[Task instructions]:
What's needed is an exact copy of all the data below, without pictures.

Extracted data entries:
+ + + + + + +

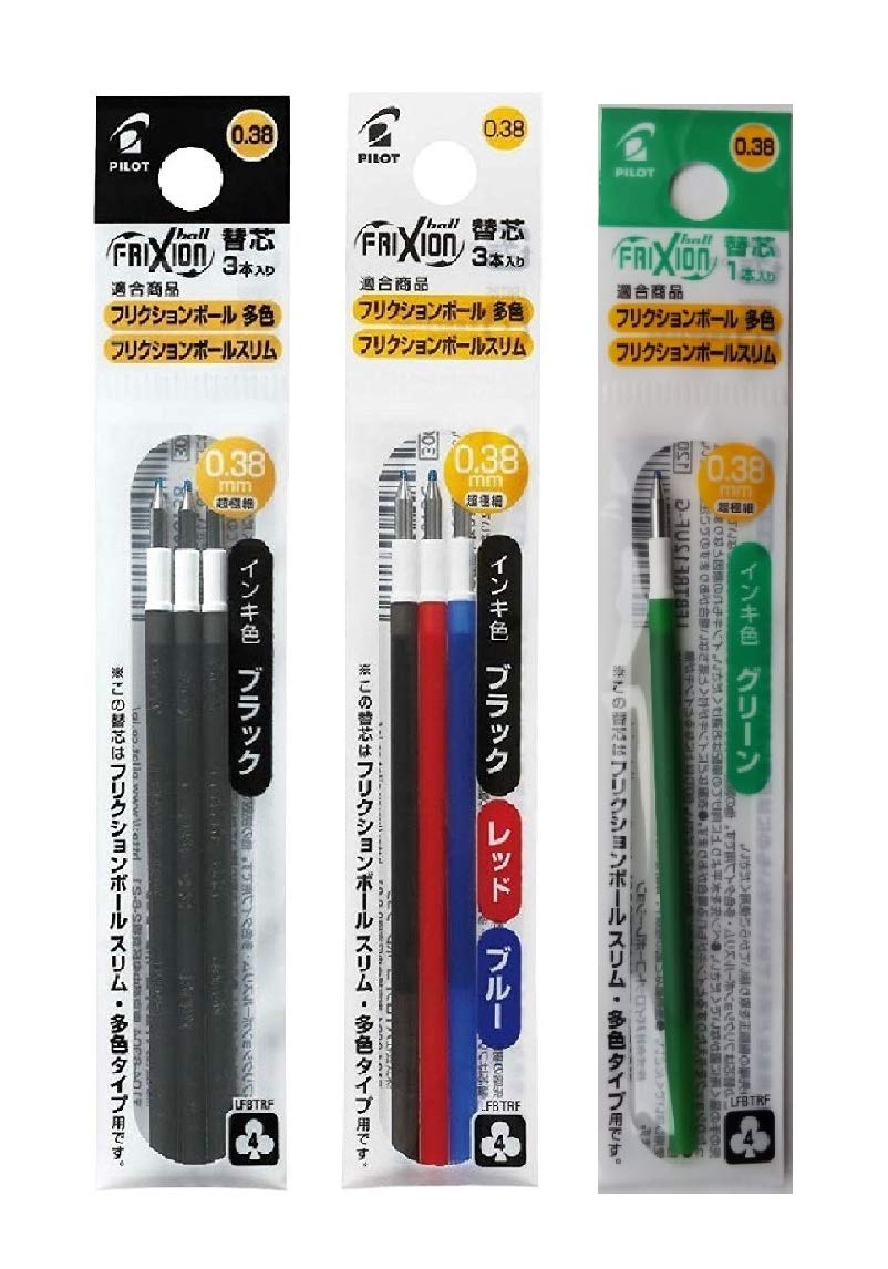 パイロット フリクションボールスリム用リフィル0.38mm 黒+3色+緑 LFBTRF30UF-3B+3C+12UF-G 3パック組み
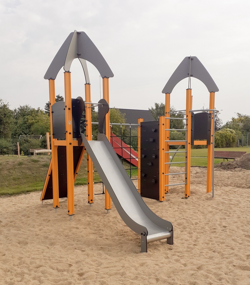 Mångsidig lekställning med två plattformar som kombinerar klättring, balans och fartfylld lek för barn som vill utmanas fysiskt och motoriskt.
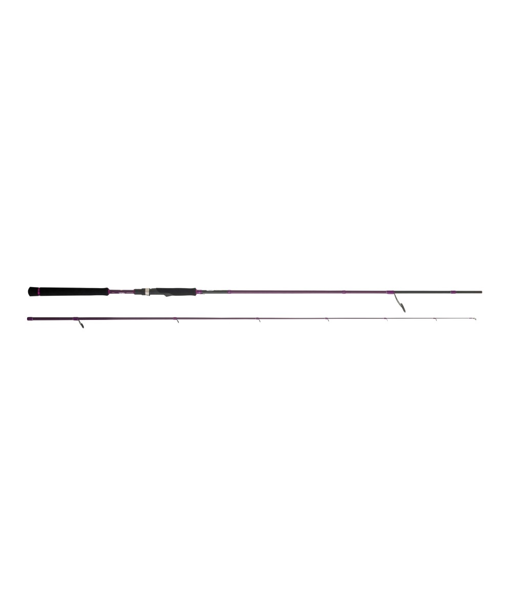 La Caña Cinnetic EXPLORER BLACK PURPLE Light Game 300M es una caña de spinning de acción media, fabricada en carbono 24T y equipada con anillas Fuji MNAD Alconite y portacarretes Fuji DPS.
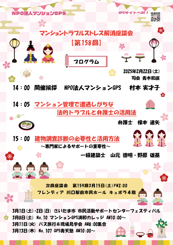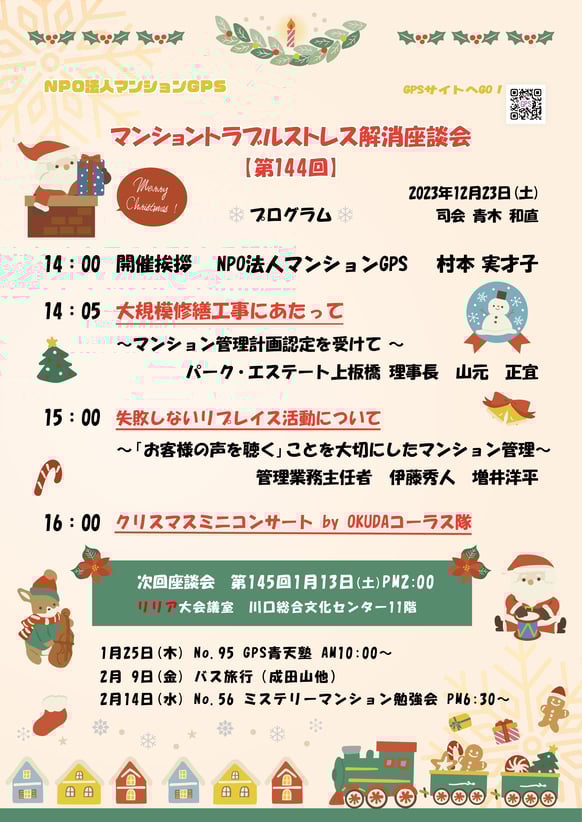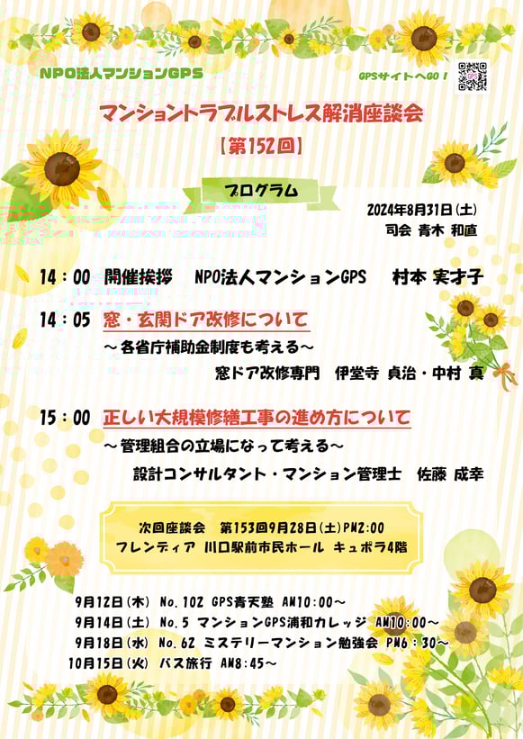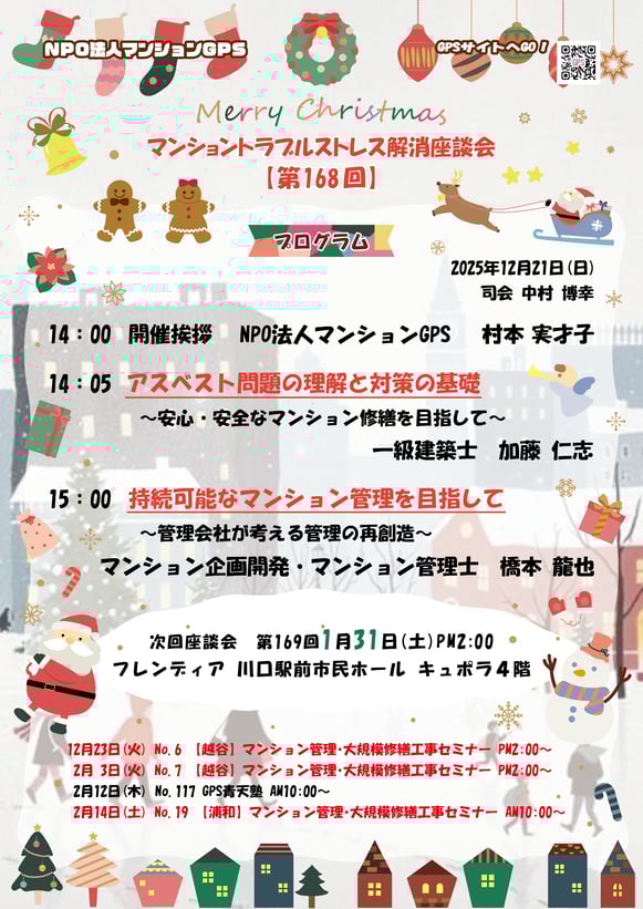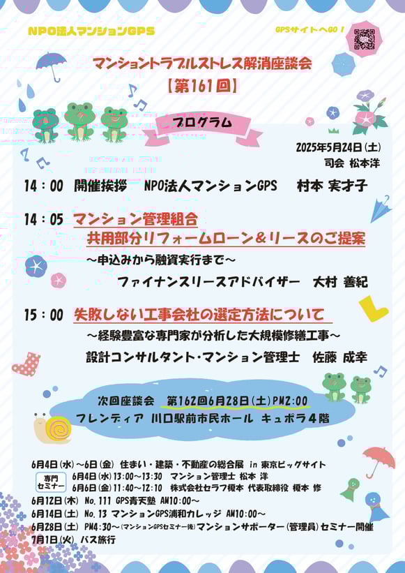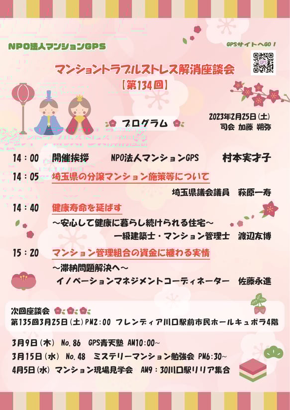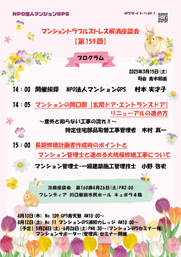 ★毎月1回行われるマンショントラブルストレス解消座談会(セミナー)のプログラム内容や座談会の様子を
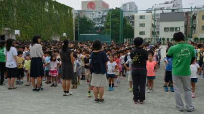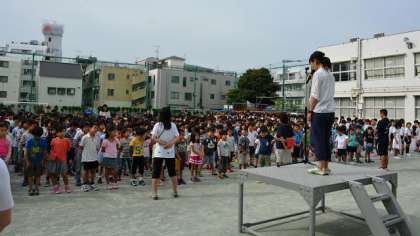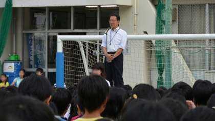 シルバーウィーク明けの24日(木)、朝会を校庭で行いました。校長講話では、前日の23日「秋分の日」のことと、30日まで行われている交通安全運動について話しました。長い休み明けでしたが、子どもたちは落ち着いた態度でしっかり話を聞いていました。

+ + + + + + +

[Answer for the task]:
 パイロット フリクションボールスリム用リフィル0.38mm 黒+3色+緑 LFBTRF30UF-3B+3C+12UF-G 3パック組み
 Mångsidig lekställning med två plattformar som kombinerar klättring, balans och fartfylld lek för barn som vill utmanas fysiskt och motoriskt.
 La Caña Cinnetic EXPLORER BLACK PURPLE Light Game 300M es una caña de spinning de acción media, fabricada en carbono 24T y equipada con anillas Fuji MNAD Alconite y portacarretes Fuji DPS.
 ★毎月1回行われるマンショントラブルストレス解消座談会(セミナー)のプログラム内容や座談会の様子を
 シルバーウィーク明けの24日(木)、朝会を校庭で行いました。校長講話では、前日の23日「秋分の日」のことと、30日まで行われている交通安全運動について話しました。長い休み明けでしたが、子どもたちは落ち着いた態度でしっかり話を聞いていました。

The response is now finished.